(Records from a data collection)
|---|
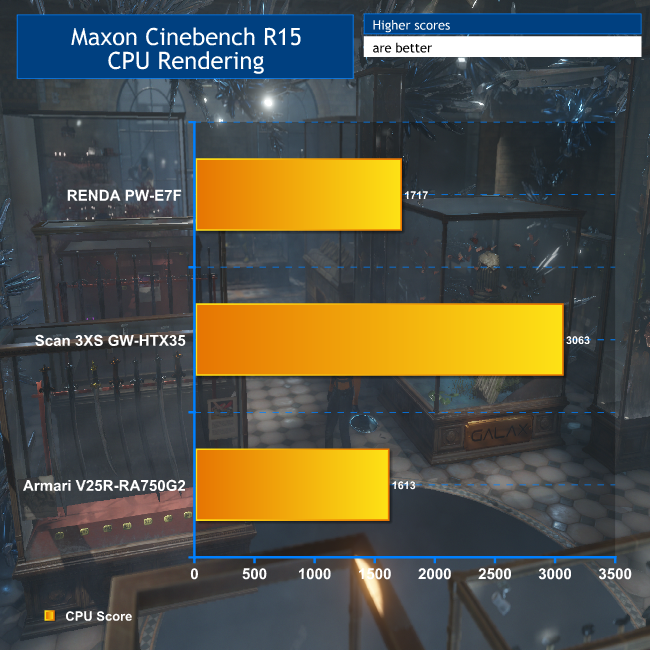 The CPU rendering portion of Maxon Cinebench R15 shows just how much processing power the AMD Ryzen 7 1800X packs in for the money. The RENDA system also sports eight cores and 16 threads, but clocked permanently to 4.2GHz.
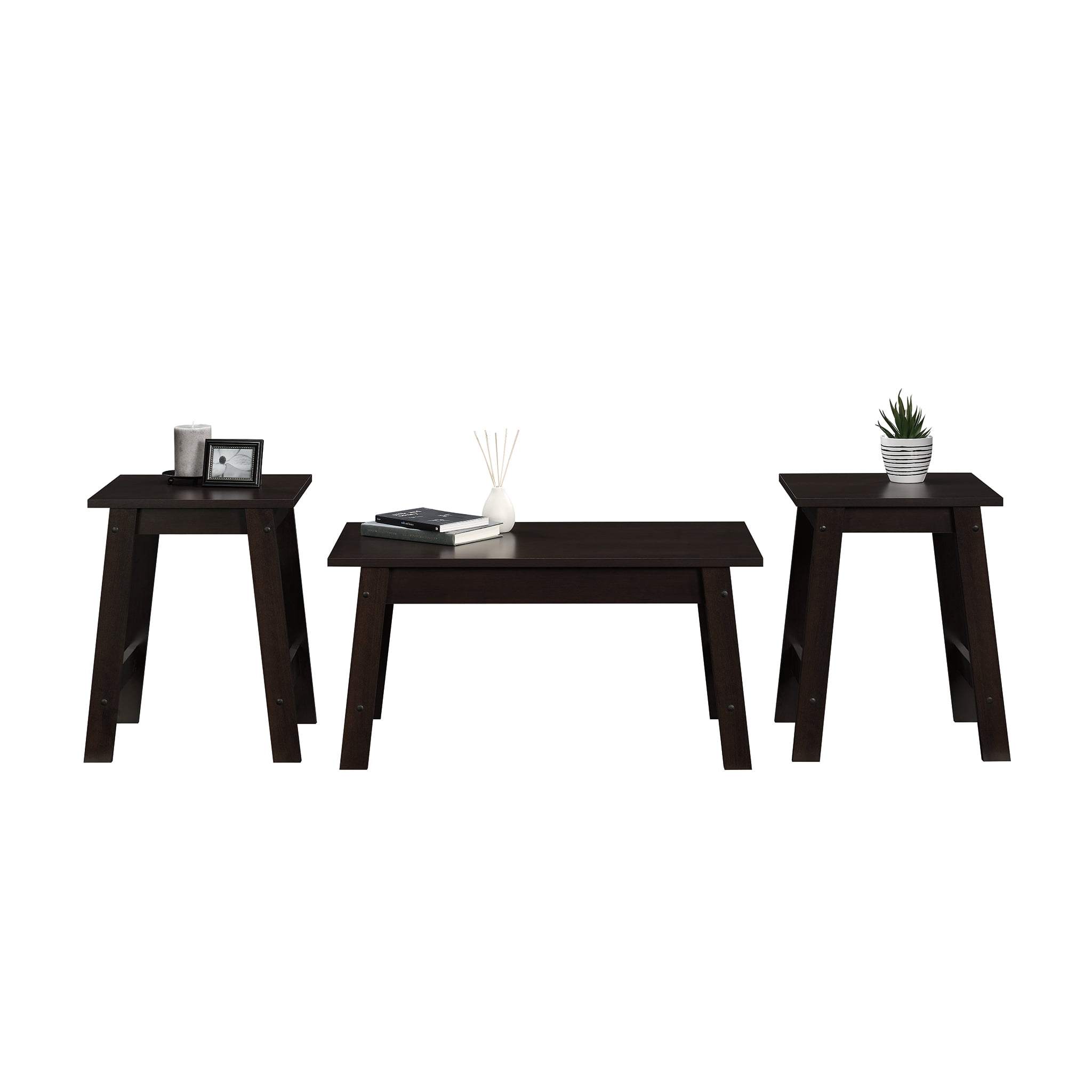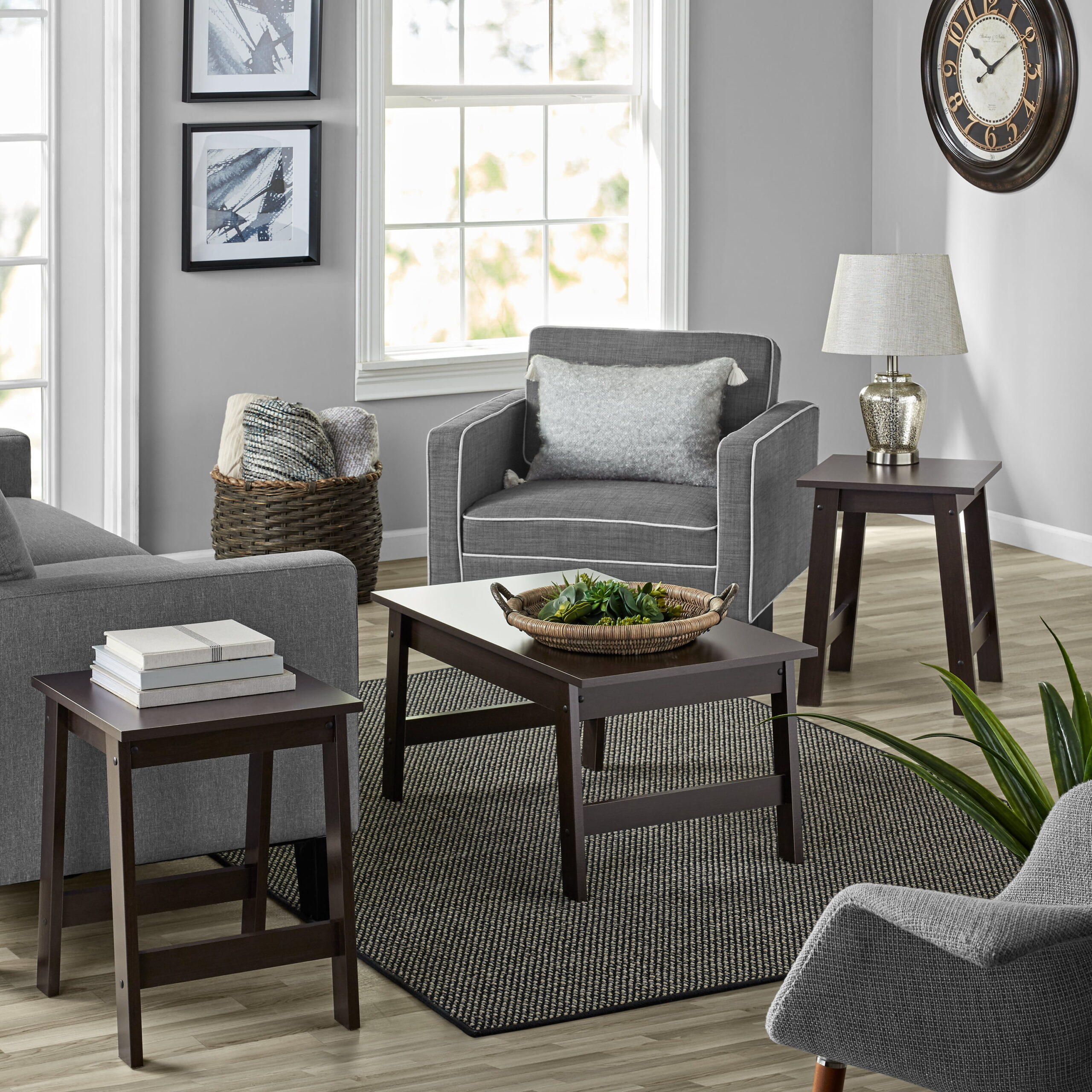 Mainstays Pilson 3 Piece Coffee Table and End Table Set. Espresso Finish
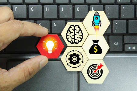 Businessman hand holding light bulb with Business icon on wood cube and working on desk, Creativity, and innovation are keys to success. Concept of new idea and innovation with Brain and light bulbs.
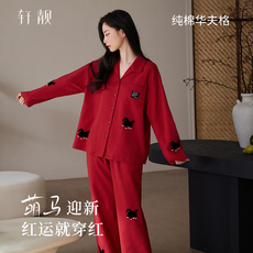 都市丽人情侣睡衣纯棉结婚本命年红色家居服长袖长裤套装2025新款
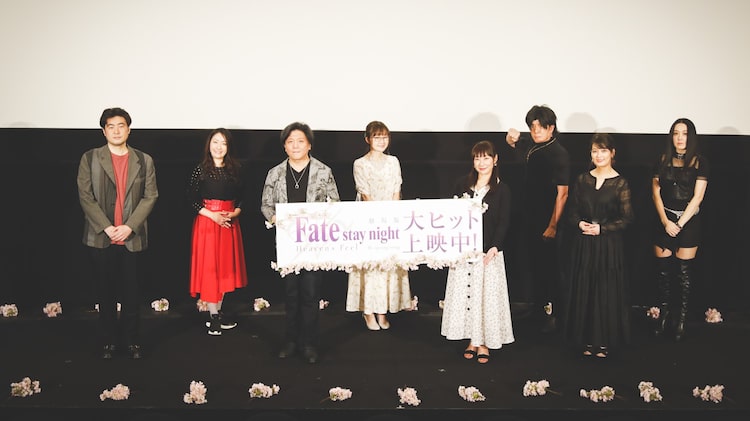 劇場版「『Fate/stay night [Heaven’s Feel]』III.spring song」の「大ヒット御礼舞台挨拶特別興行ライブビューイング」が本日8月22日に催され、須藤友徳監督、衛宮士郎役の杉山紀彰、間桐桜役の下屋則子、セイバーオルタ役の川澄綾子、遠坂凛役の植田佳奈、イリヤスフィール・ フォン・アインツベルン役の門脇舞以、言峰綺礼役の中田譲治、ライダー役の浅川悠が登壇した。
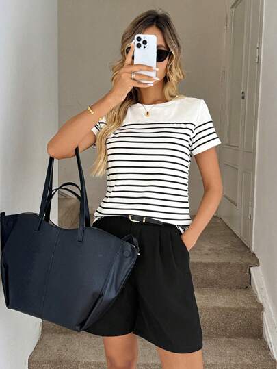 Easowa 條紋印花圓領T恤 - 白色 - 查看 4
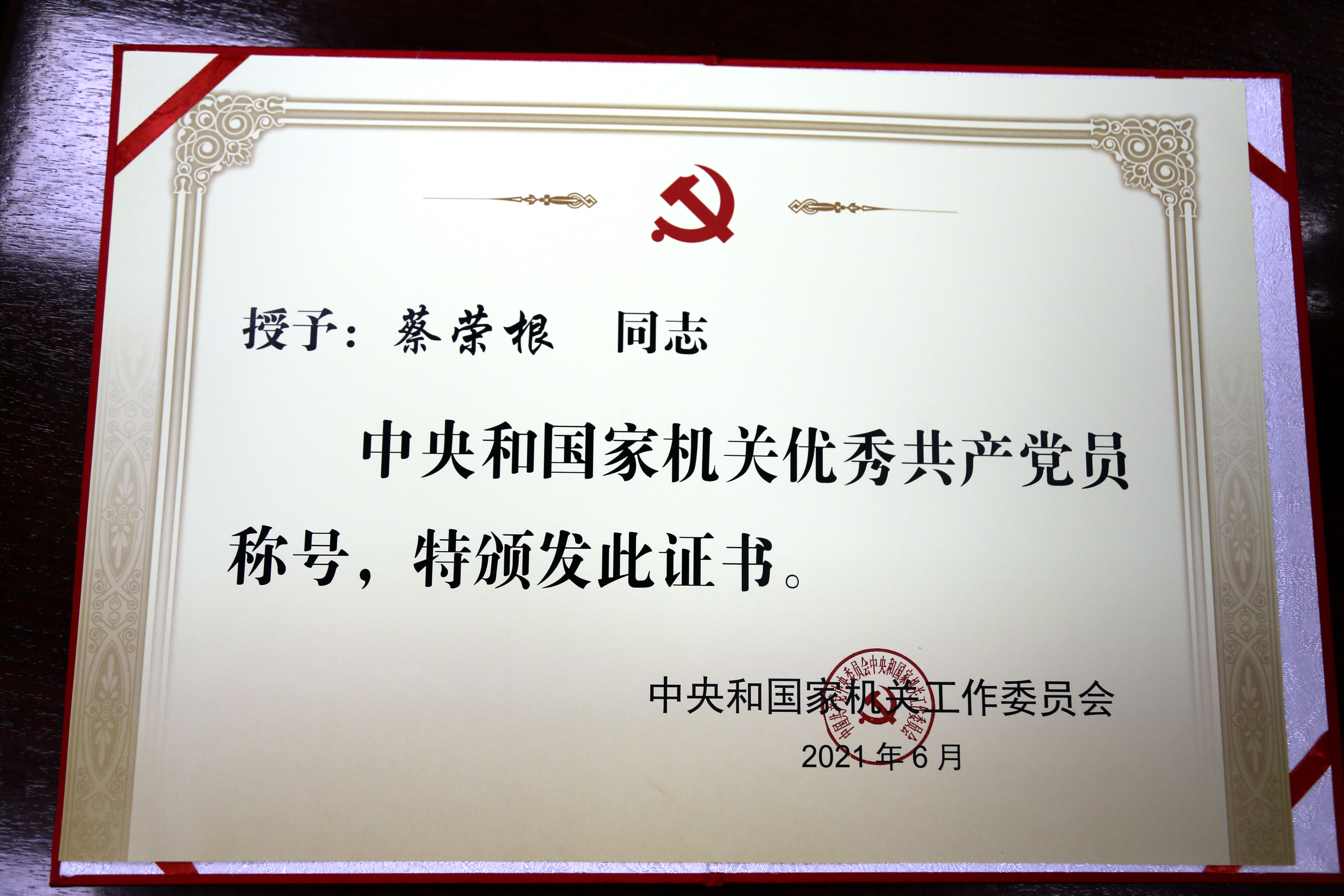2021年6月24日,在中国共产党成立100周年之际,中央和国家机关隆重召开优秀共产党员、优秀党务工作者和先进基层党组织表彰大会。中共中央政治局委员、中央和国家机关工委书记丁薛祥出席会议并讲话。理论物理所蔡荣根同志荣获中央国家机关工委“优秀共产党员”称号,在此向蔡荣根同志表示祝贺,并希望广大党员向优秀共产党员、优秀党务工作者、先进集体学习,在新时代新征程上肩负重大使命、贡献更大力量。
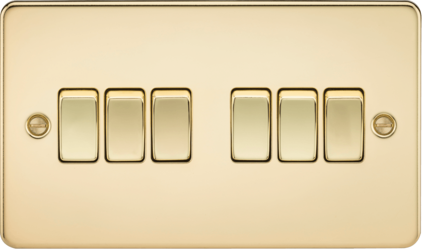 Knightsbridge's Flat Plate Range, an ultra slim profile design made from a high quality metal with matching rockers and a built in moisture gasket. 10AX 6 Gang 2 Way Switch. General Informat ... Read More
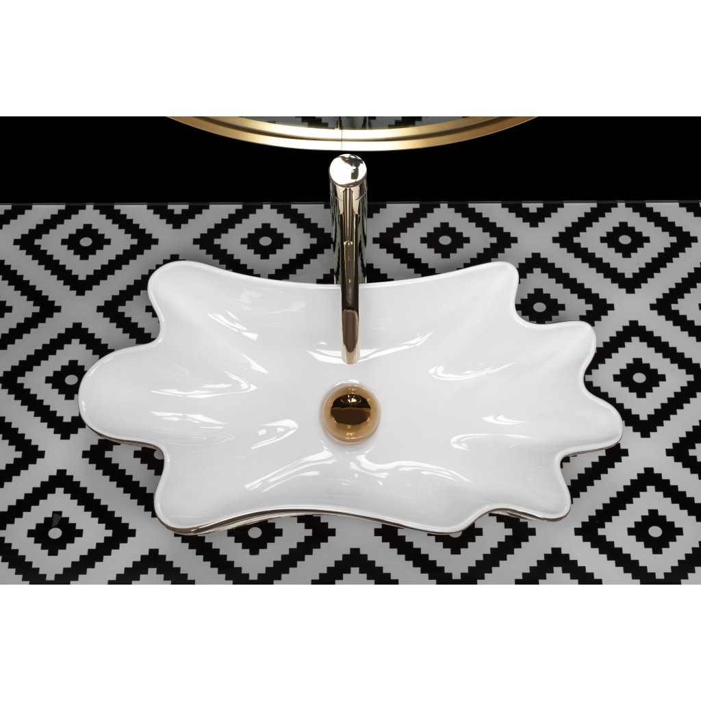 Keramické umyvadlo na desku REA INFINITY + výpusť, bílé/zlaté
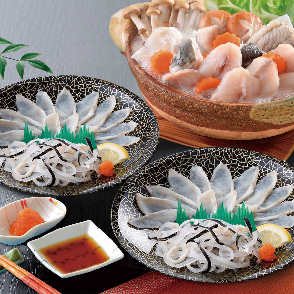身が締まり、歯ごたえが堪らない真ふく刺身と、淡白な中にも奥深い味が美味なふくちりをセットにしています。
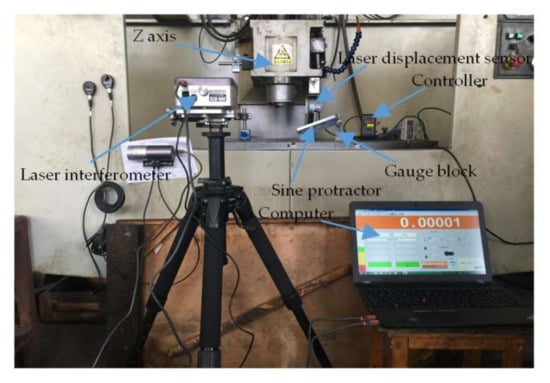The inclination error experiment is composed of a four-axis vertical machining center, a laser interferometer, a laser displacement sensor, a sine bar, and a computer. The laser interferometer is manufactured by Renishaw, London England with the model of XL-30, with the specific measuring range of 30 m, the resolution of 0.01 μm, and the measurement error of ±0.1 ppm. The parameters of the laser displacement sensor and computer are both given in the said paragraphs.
|---|
Requirement: Pictures are to be omitted; otherwise, write out the data exactly as it appears.

Result of this task:
 The CPU rendering portion of Maxon Cinebench R15 shows just how much processing power the AMD Ryzen 7 1800X packs in for the money. The RENDA system also sports eight cores and 16 threads, but clocked permanently to 4.2GHz.
 Mainstays Pilson 3 Piece Coffee Table and End Table Set. Espresso Finish
 Businessman hand holding light bulb with Business icon on wood cube and working on desk, Creativity, and innovation are keys to success. Concept of new idea and innovation with Brain and light bulbs.
 都市丽人情侣睡衣纯棉结婚本命年红色家居服长袖长裤套装2025新款
 劇場版「『Fate/stay night [Heaven’s Feel]』III.spring song」の「大ヒット御礼舞台挨拶特別興行ライブビューイング」が本日8月22日に催され、須藤友徳監督、衛宮士郎役の杉山紀彰、間桐桜役の下屋則子、セイバーオルタ役の川澄綾子、遠坂凛役の植田佳奈、イリヤスフィール・ フォン・アインツベルン役の門脇舞以、言峰綺礼役の中田譲治、ライダー役の浅川悠が登壇した。
 Easowa 條紋印花圓領T恤 - 白色 - 查看 4
2021年6月24日,在中国共产党成立100周年之际,中央和国家机关隆重召开优秀共产党员、优秀党务工作者和先进基层党组织表彰大会。中共中央政治局委员、中央和国家机关工委书记丁薛祥出席会议并讲话。理论物理所蔡荣根同志荣获中央国家机关工委“优秀共产党员”称号,在此向蔡荣根同志表示祝贺,并希望广大党员向优秀共产党员、优秀党务工作者、先进集体学习,在新时代新征程上肩负重大使命、贡献更大力量。
 Knightsbridge's Flat Plate Range, an ultra slim profile design made from a high quality metal with matching rockers and a built in moisture gasket. 10AX 6 Gang 2 Way Switch. General Informat ... Read More
 Keramické umyvadlo na desku REA INFINITY + výpusť, bílé/zlaté
身が締まり、歯ごたえが堪らない真ふく刺身と、淡白な中にも奥深い味が美味なふくちりをセットにしています。
The inclination error experiment is composed of a four-axis vertical machining center, a laser interferometer, a laser displacement sensor, a sine bar, and a computer. The laser interferometer is manufactured by Renishaw, London England with the model of XL-30, with the specific measuring range of 30 m, the resolution of 0.01 μm, and the measurement error of ±0.1 ppm. The parameters of the laser displacement sensor and computer are both given in the said paragraphs.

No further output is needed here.